▶ **Directions for this task**
I need the lines below from the one with "ホンダ 本革 キーケース" down to the one with "Black reptile-print leather" reproduced exactly, both ends included, and nothing else.

━━━━━ Extracted records

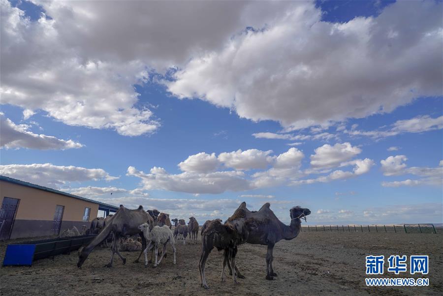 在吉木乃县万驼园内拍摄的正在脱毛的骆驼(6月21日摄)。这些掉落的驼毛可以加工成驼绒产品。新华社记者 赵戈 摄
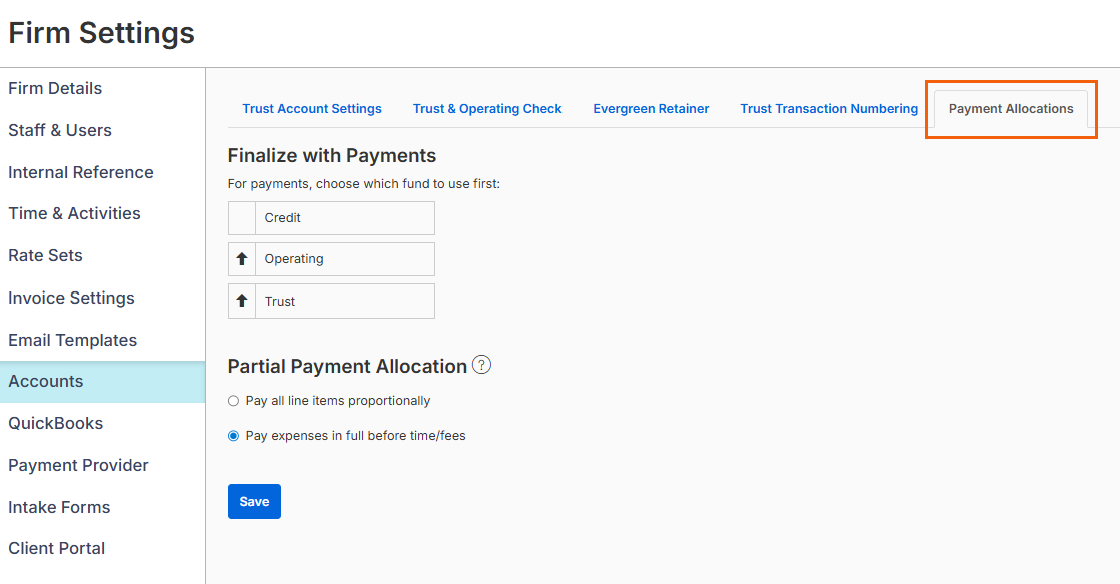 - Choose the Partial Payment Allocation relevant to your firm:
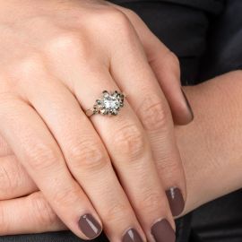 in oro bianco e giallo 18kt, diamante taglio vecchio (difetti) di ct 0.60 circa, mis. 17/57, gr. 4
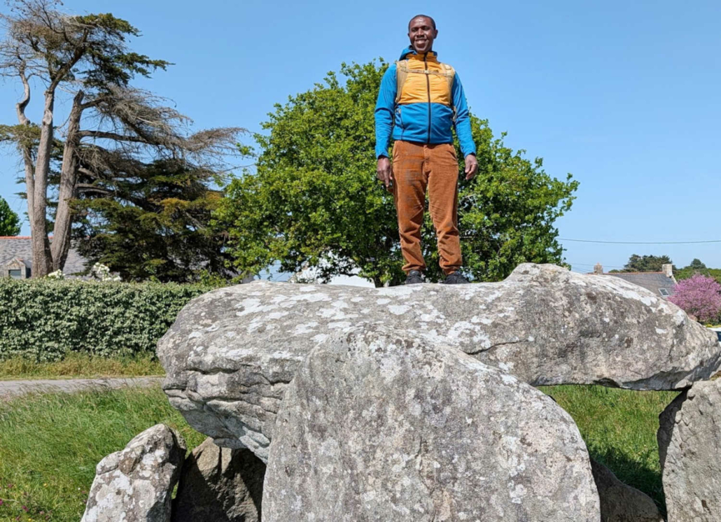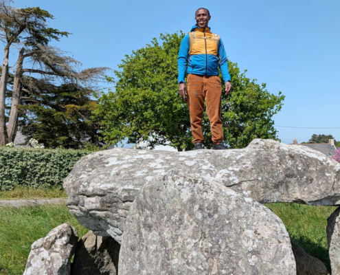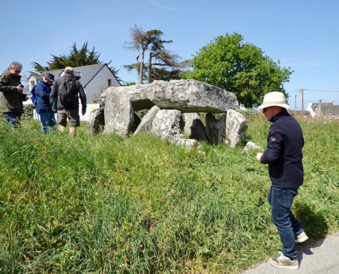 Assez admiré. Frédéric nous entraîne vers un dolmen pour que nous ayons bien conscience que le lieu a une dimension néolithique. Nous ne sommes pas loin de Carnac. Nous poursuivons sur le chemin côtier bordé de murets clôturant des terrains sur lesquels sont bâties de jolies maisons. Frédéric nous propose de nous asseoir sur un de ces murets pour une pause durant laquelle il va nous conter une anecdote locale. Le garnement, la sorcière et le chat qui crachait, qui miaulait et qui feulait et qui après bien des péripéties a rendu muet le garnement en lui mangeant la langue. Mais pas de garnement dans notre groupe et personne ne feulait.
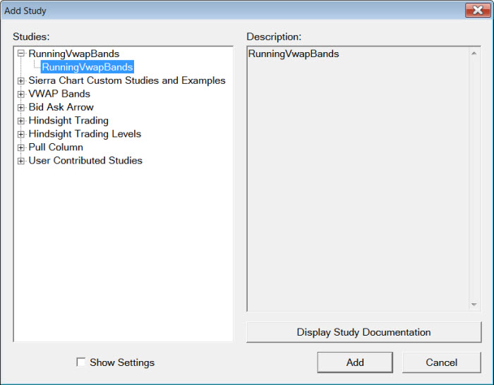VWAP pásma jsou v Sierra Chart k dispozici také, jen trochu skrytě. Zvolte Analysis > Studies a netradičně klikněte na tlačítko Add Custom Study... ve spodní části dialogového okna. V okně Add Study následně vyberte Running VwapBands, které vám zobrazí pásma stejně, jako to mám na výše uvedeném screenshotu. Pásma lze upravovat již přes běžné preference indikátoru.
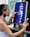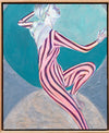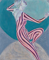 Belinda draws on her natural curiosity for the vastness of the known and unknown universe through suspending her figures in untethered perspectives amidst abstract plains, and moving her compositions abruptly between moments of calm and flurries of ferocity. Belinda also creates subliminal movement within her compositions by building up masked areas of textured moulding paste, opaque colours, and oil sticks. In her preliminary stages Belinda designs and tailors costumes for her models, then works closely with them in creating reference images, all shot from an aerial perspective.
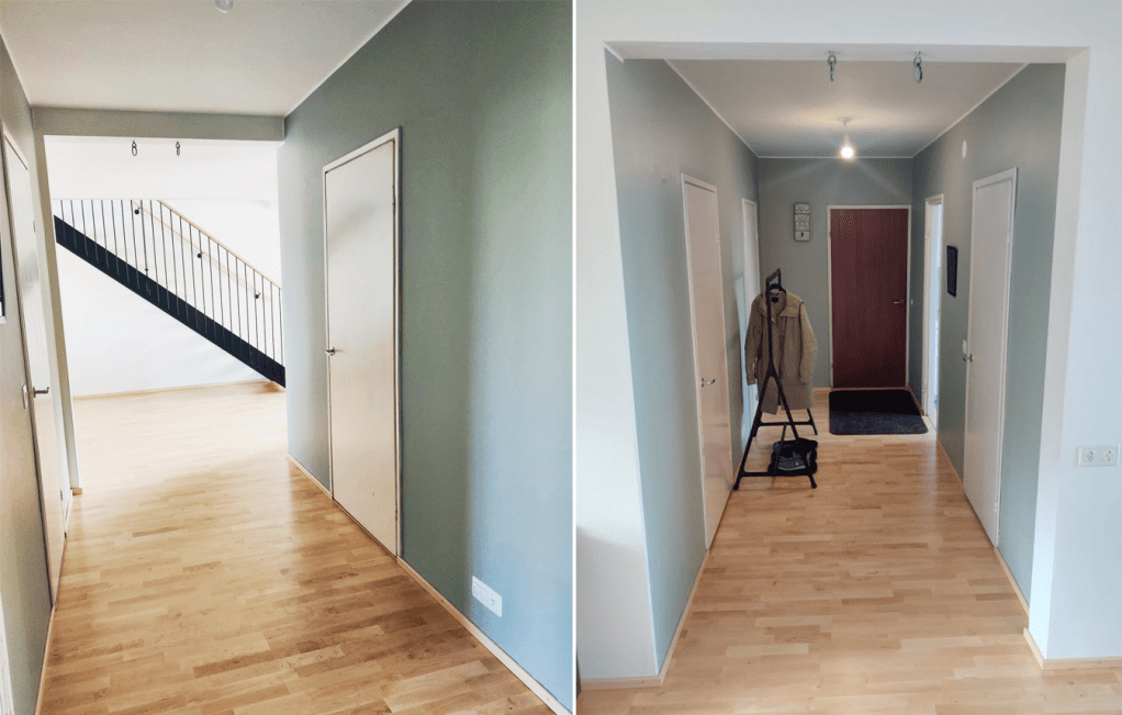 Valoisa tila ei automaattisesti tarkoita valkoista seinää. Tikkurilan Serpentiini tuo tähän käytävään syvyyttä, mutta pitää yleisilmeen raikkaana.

━━━━━━━━━━
━━━━━ Extracted records

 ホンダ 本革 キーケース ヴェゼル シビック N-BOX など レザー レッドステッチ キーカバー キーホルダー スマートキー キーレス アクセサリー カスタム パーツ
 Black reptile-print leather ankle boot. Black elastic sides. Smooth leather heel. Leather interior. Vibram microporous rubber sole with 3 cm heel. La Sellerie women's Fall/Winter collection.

━━━━━━━━━━
━━━━━ Extracted records

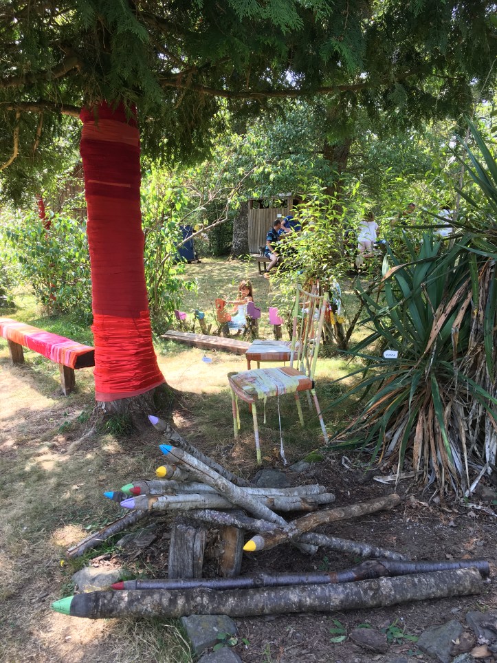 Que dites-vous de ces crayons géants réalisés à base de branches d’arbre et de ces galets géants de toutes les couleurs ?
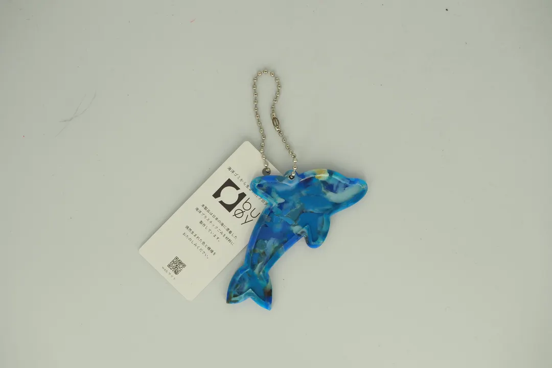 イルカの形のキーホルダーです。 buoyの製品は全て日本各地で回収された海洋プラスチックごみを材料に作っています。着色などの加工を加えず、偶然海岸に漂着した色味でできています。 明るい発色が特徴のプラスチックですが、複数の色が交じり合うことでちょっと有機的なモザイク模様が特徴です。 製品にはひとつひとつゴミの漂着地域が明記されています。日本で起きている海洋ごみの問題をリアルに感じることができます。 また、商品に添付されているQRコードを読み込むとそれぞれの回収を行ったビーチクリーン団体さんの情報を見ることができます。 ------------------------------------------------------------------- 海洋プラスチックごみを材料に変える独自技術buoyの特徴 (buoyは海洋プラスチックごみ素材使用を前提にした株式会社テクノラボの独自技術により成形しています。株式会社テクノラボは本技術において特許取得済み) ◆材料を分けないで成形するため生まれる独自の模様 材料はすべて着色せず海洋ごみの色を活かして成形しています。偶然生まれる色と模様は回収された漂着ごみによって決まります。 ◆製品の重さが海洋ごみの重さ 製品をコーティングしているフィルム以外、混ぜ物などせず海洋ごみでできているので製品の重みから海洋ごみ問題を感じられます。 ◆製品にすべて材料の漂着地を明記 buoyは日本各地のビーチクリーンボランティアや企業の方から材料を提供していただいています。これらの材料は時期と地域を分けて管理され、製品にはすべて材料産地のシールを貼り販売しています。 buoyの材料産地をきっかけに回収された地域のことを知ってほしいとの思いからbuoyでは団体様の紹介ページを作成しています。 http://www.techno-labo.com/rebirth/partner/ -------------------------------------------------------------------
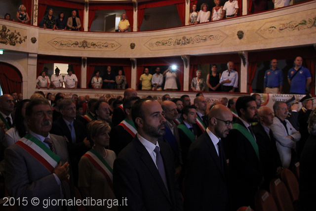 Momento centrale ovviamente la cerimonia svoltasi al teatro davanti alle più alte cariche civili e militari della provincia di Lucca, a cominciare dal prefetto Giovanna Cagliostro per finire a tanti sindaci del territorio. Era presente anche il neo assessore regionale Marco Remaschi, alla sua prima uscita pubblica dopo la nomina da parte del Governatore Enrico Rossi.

━━━━━━━━━━

▶ **Result for this task**
 ホンダ 本革 キーケース ヴェゼル シビック N-BOX など レザー レッドステッチ キーカバー キーホルダー スマートキー キーレス アクセサリー カスタム パーツ
 Black reptile-print leather ankle boot. Black elastic sides. Smooth leather heel. Leather interior. Vibram microporous rubber sole with 3 cm heel. La Sellerie women's Fall/Winter collection.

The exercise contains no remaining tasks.